**WHAT THE TASK ASKS:**
Please, without any pictures, set down exactly the part of the listing below that opens with the line containing "我们在宿主机上通过top命令" and closes with the line containing "M.llo Pancani with".

**INPUT RECORDS:**
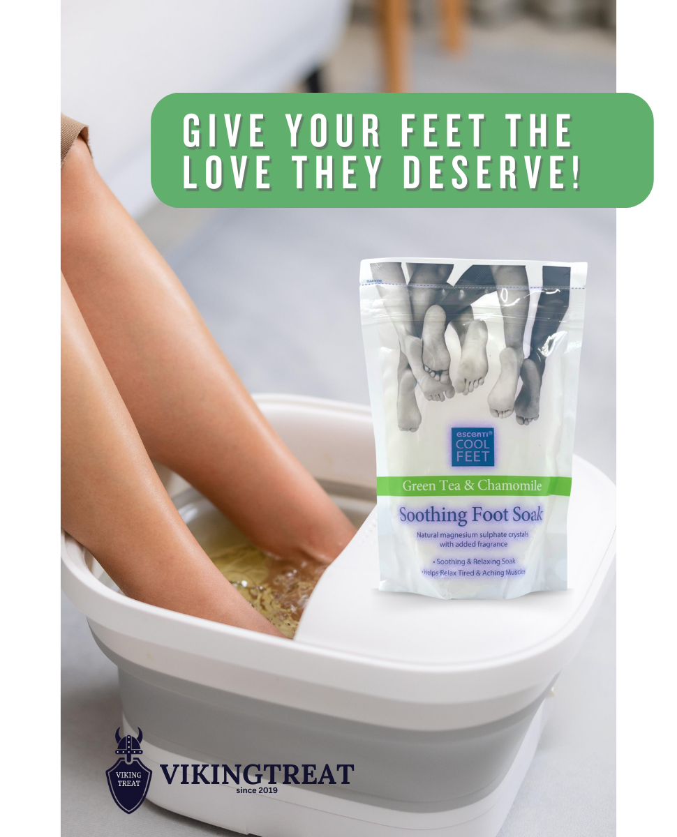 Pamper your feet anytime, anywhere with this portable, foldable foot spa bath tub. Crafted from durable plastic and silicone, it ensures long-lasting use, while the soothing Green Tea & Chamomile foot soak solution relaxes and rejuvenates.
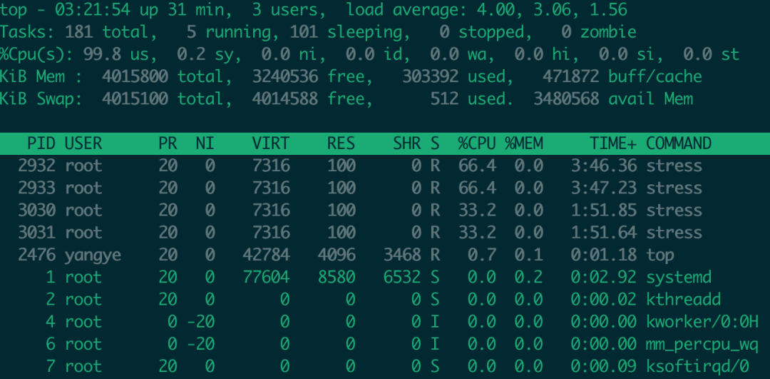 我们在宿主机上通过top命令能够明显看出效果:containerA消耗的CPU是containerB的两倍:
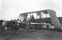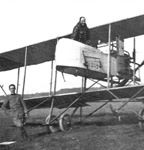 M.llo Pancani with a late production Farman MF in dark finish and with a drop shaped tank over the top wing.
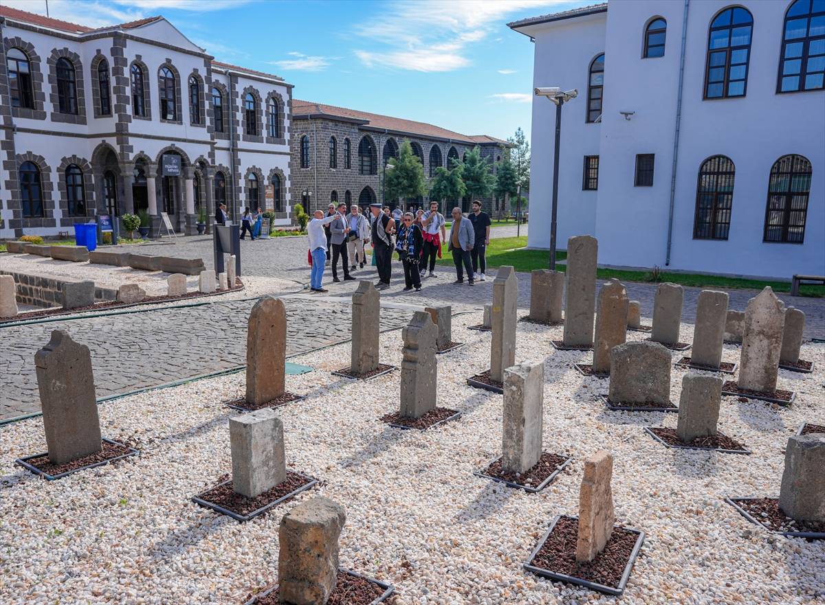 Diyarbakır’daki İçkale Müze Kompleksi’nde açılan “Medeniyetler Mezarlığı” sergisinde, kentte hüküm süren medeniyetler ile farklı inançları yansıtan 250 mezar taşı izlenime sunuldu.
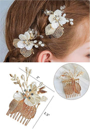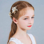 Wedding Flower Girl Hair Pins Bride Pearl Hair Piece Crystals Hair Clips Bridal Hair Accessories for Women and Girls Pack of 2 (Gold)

**ANSWER BELOW:**
 我们在宿主机上通过top命令能够明显看出效果:containerA消耗的CPU是containerB的两倍:
 M.llo Pancani with a late production Farman MF in dark finish and with a drop shaped tank over the top wing.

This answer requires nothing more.